INVESTORS fearing potential Eurozone debt defaults would be wise to buy Gold Bullion, according to the conclusions of a report published this week by Oxford Economics, a leading economic forecasting consultancy.
Defaults by single currency members would trigger a deflation scenario, characterized by major bank losses, tighter credit conditions and further rounds of monetary stimulus – such as quantitative easing and low interest rates – Oxford Economics predicts in its report, commissioned by the World Gold Council.
On the report's analysis, Gold Bullion would be "the number one performing asset" over the next two years under such a scenario.

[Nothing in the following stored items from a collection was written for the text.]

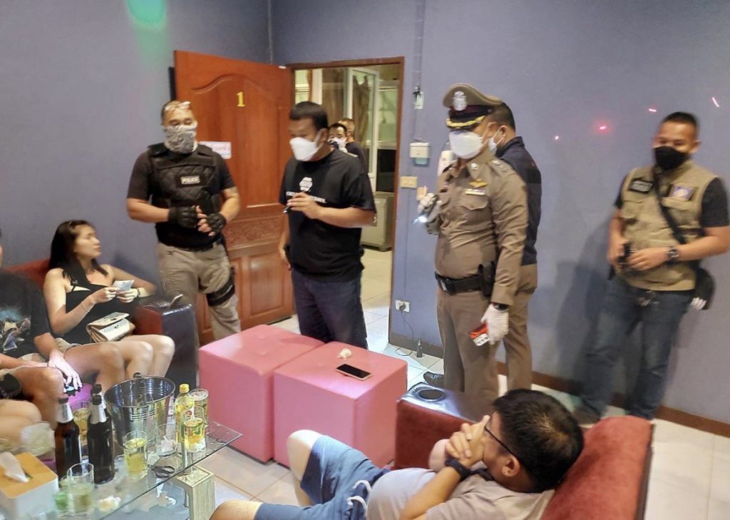 จากการตรวจสอบ พบว่า สถานที่แห่งนี้เป็นโกดังร้างก่อนจะมีการปรับปรุงอาคารให้เป็นสถานบริการ มีสาวสวยนั่งดริ้งนั่งบริการ ซึ่งภายในแบ่งแยกเป็นโซนๆ ห้องโถงใหญ่ และจัดแบ่งเป็นห้องวีไอพี โดยในแต่ละห้องพบมีนักท่องเที่ยวอยู่ห้องละ 5-8 คน รวมทั้งหมด 55 คน แบ่งเป็น ชาย 32 คน หญิง 23 คน โดยเป็นคนไทย 50 คน และเป็นคนกัมพูชา 5 คน จากการตรวจสอบภายในร้าน พบยาเคตามีน ยาอี วางทิ้งอยู่บนพื้น และเบาะโซฟา จากนั้นจึงได้นำตัวนักท่องเที่ยวราตรีทั้งหมด เข้าทำการตรวจปัสสาวะหาสารเสพติด และพบว่ามีนักท่องเที่ยวเสพยาจำนวน 42 คน และไม่พบสารเสพติด จำนวน 13 คน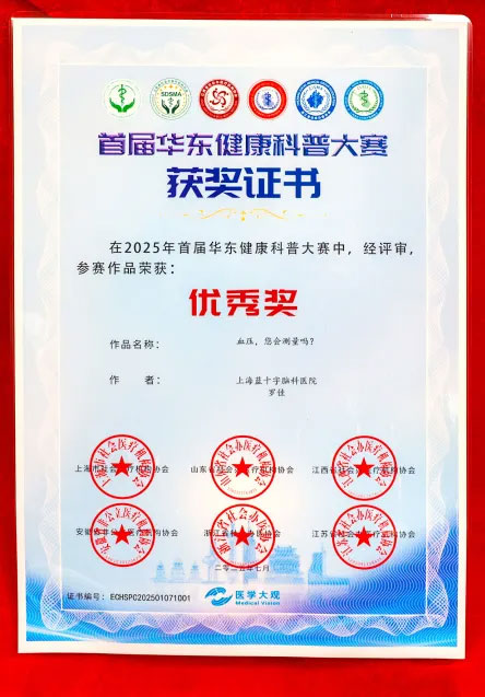 經(jīng)過(guò)兩輪激烈角逐,醫(yī)院選送的作品在【科普短視頻/新媒體推廣/病歷譯寫(xiě)】賽道中表現(xiàn)突出,最終榮獲三等獎(jiǎng)。上海藍(lán)十字腦科醫(yī)院也因積極參與活動(dòng),被活動(dòng)組委會(huì)授予“優(yōu)秀組織獎(jiǎng)”,以感謝醫(yī)院為提升市民健康素養(yǎng)貢獻(xiàn)了一份力量。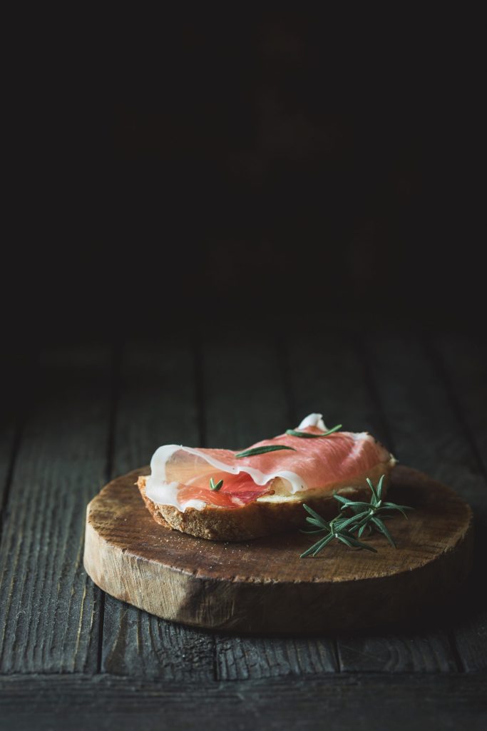 Here’s how the magic happens: the meat is covered in salt and allowed to rest for a few weeks or even months. The salt draws out moisture, which prevents bacteria from growing harmful bacteria and concentrates its flavor. After salting, the pork legs are washed and seasoned, often with a secret family recipe involving black pepper, juniper, garlic or rosemary for a unique and fragrant flavor. They’re then left to dry-age in a carefully temperature- and humidity-controlled environment for a year or more. The longer prosciutto is aged, the more complex it will taste. Pork, salt, air and time combine to create something more delicious than the sum of their parts.
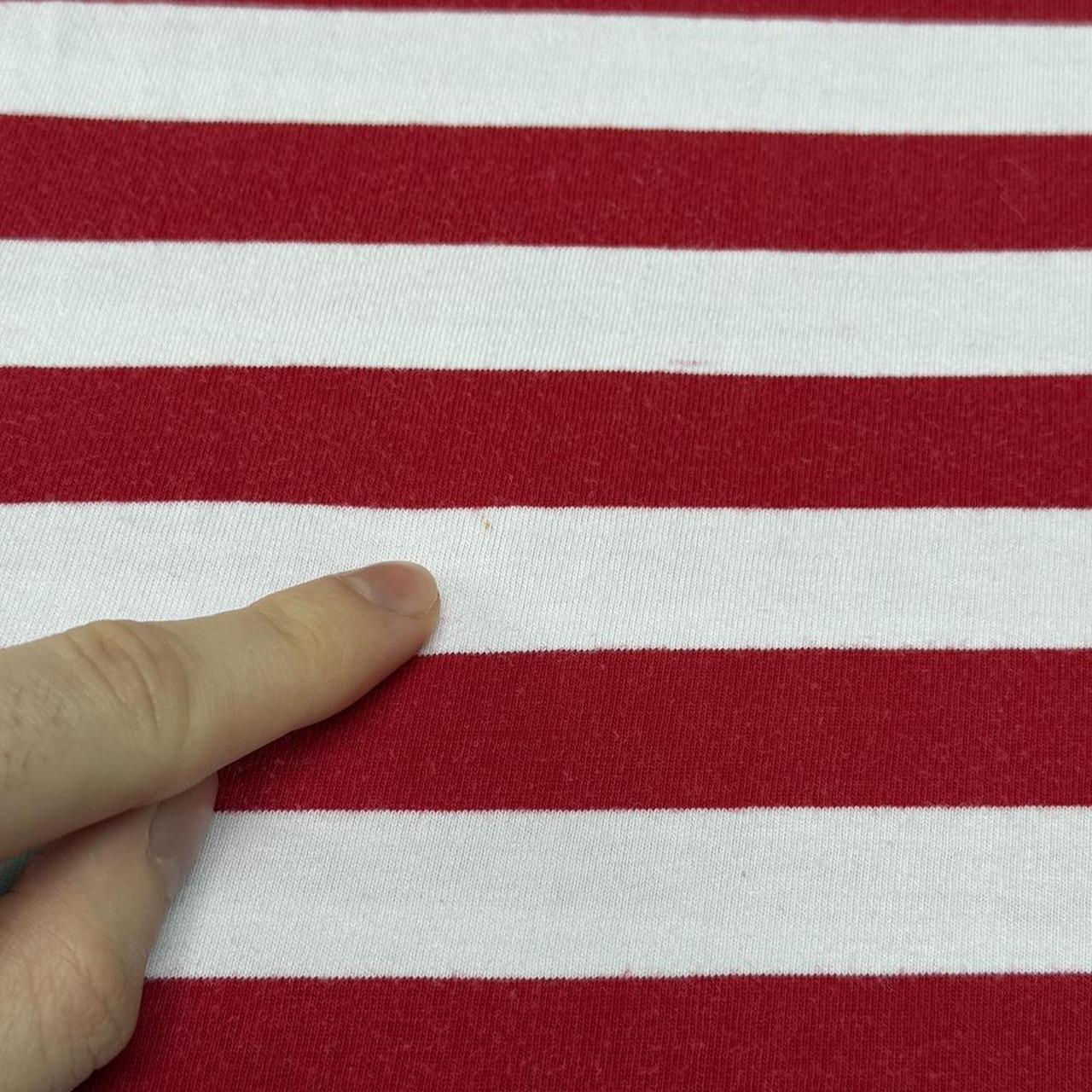 - 90s red and white striped t shirt by Mickey Inc featuring embroidered Mickey text and three mickey's on text.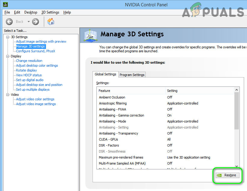 Restore the Graphics Settings - Now reboot your PC and check if the issue is resolved.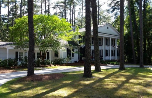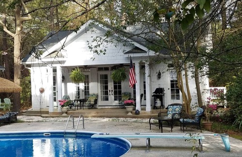 A warm cozy guest house with an open floor plan, High ceilings, and a wall of glass doors overlooking the pool and jungle like backyard of 3 acres. It has a large separate bath and complete kitchen. It was a perfect place for a completely secluded getaway ... less than 2.5 miles from the center of both Southern Pines and the Village of Pinehurst... 8 minutes from nearly every restaurant in the area. We are pet friendly, but charge a seperate $35 pet cleaning pet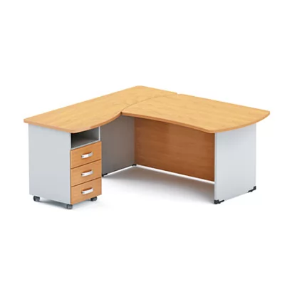 Используется ламинированная плита толщиной 28 мм и 22 мм стандарта эмиссии Е1. Торцы плиты облицованы прочной профилированной противоударной кромкой производства Германии. Цвет кромки соответствует цвету ДСП. Применяется фурнитура ведущих европейских производителей, в том числе центральные замки для тумб, роликовые направляющие выдвижных ящиков и регулируемые по высоте опоры столов и шкафов.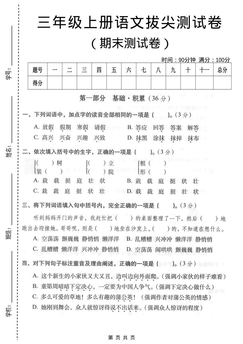 当前位置:首页学科年级三年级三年级上语文期末拔尖测试卷3
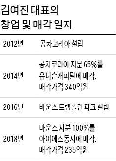 아들을 둔 평범한 가정주부로 밀크티 프랜차이즈 공차코리아를 설립한 뒤 340억원에 매각해 화제를 모은 김여진 (주)바운스 대표(36)가 자신의 두 번째 창업 회사를 팔아 다시 한번 대박을 터뜨렸다.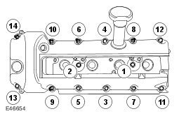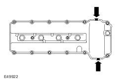 NOTE: Apply two beads of silicone gasket sealant as shown on the illustration. The application of the sealant must be 3mm diameter 12mm long. Install the valve cover immediately after applying the sealant. The cover should be fitted directly to the head without smearing the sealant or the seals.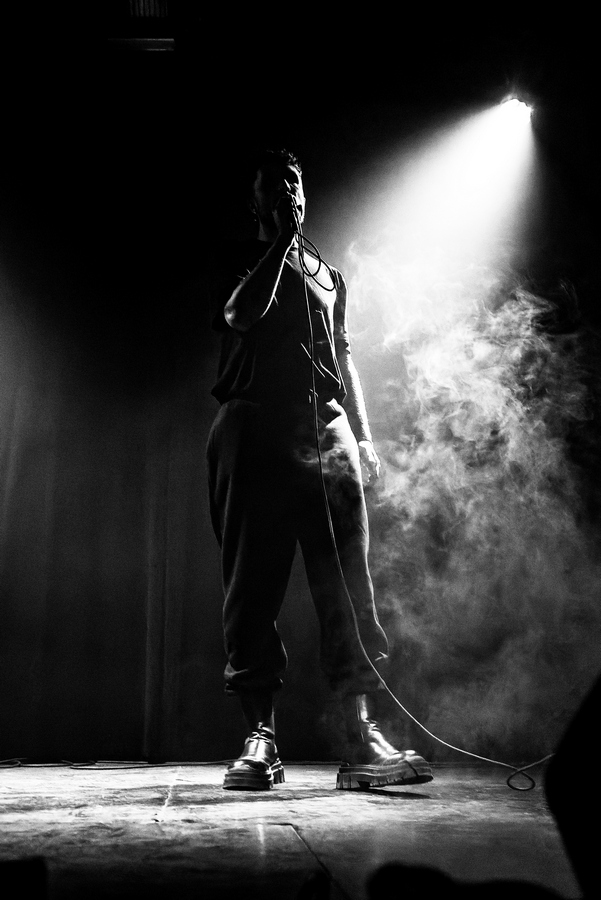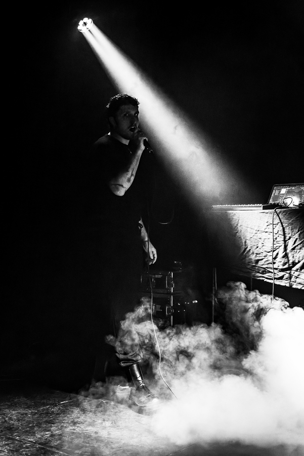Az estét Engel Simon ígéretes sötét elektronikus szólóprojektje, a Separated Lamb nyitotta meg. Idén áprilisban jelent meg az első albuma, a Rare Confession. Elmondása szerint már 2019 óta írogat kis jegyzeteket, eleinte csak saját magának, pár hónapja pedig már a dark szubkultúra számára kreálja az új dalait egy ipad segítségével, amikben leginkább a gyerekkori elfojtásait oldja fel. Az angol szövegű, EBM ütemű számok vallási traumáról, identitásválságról, az Istennel való kapcsolatról, felnövésről szólnak, kifejezetten táncolhatók (különösen tetszett a “Young And Gay“, “Meaningful“), csattanó dobokkal (“The Tunnel“, “I Killed Them“) és itt-ott zörgésekkel (“Sweet Night Time“, “Crawling“). A kb. fél óra gyorsan eltelt, a közönség bőszen tapsolt is, de az énekes viccesen annyit mondott, hogy menjünk cigiszünetre. Gyanítom eljátszotta az összes dalát. Szerintem szuper felvezetés volt az est főszereplője előtt és én még szívesen elhallgattam volna.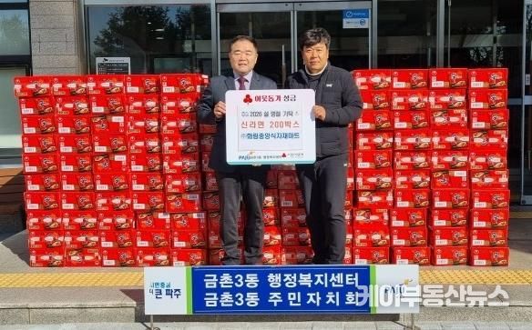 케이부동산뉴스 김교민 기자 | 파주시 금촌3동은 ㈜화림중앙식자재마트 파주금촌역점으로부터 병오년 설 명절을 맞아 지난 3일, 라면(20개입) 200상자를 관내 취약계층과 노인 가구를 위해 기탁하며 따뜻한 나눔을 실천했다.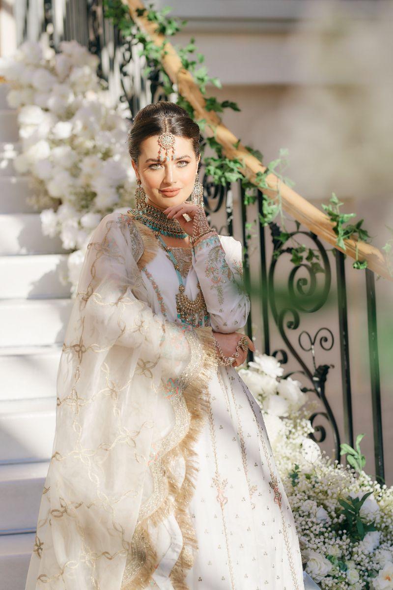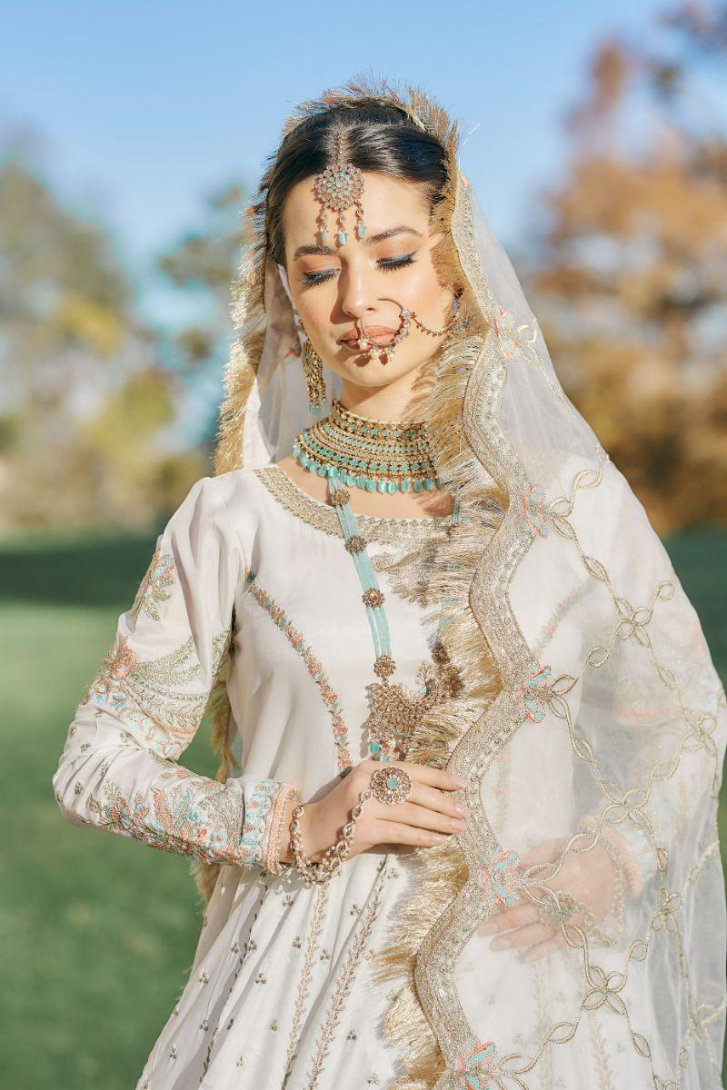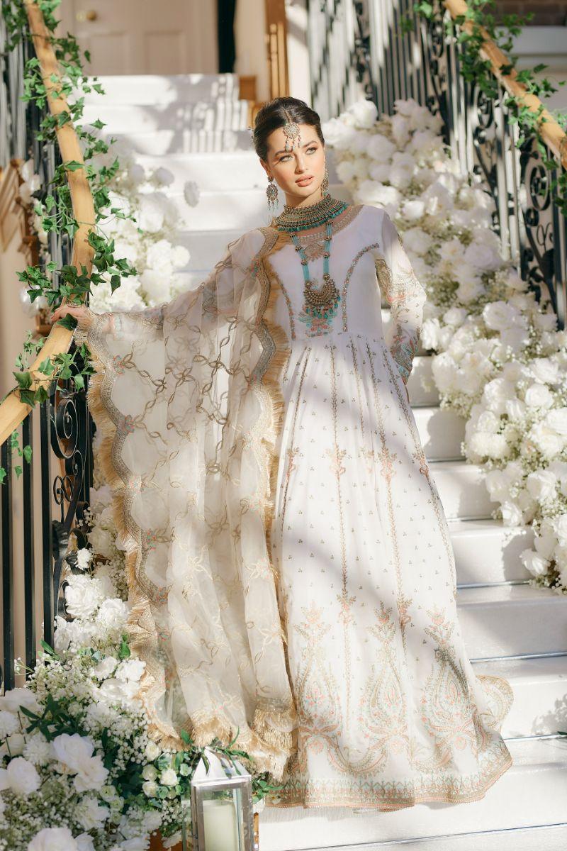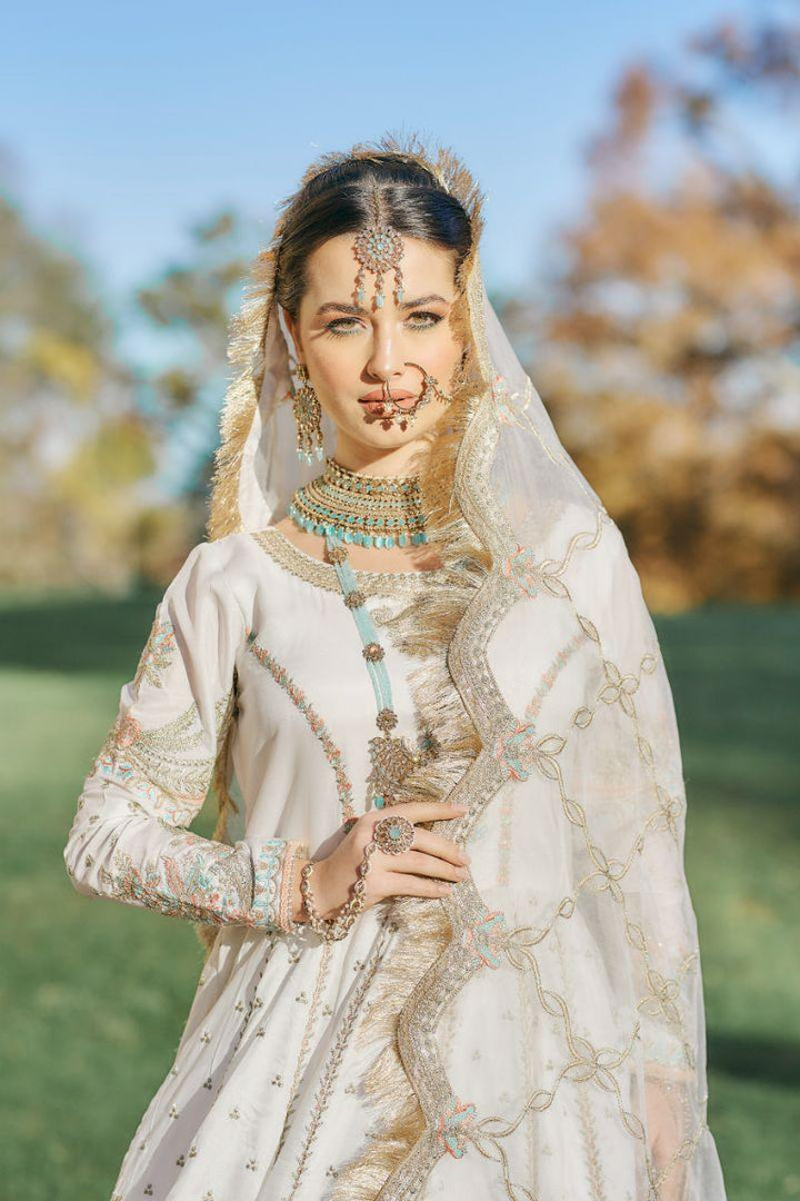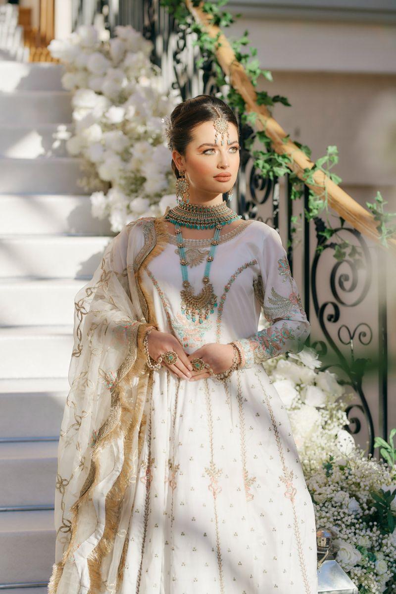 This elegant white attire exudes timeless perfection and is ideal for nikkah ceremonies. The ensemble features a white pishwas perfectly paired with a delicately embroidered border organza dupatta decorated with an embroidered jaal with resham and sitara work completes this eye-catching classy look.

Cash would also perform well due to falling shop prices, as would the bonds of more creditworthy issuers.
Riskier assets such as stocks and property would perform poorly, according to Oxford Economics' model.
The report comes in a week when Italy – the Eurozone's largest government bond issuer – has seen its bond prices fall significantly, while Ireland has had its sovereign debt downgraded to junk by ratings agency Moody's.
Renowned investor George Soros meantime said on Tuesday the default by Greece may now be "inevitable".
"State defaults in such advanced countries would be unprecedented in the post-war period and would strike a major blow to the perception of government bonds as a 'safe' asset class," says the Oxford Economics report.
"The solvency of sovereign states is no longer to be taken for granted," said Bank of Italy governor Mario Draghi on Thursday.
Draghi will take over from Jean-Claude Trichet as president of the European Central Bank in November.
Investors have this week pushed the price of Gold Bullion to new record highs in Dollar, Euro and Sterling terms.
Oxford Economics also found that buying Gold Bullion boosted portfolio returns in their high inflation scenario.
The full Oxford Economic report is available to download from the World Gold Council.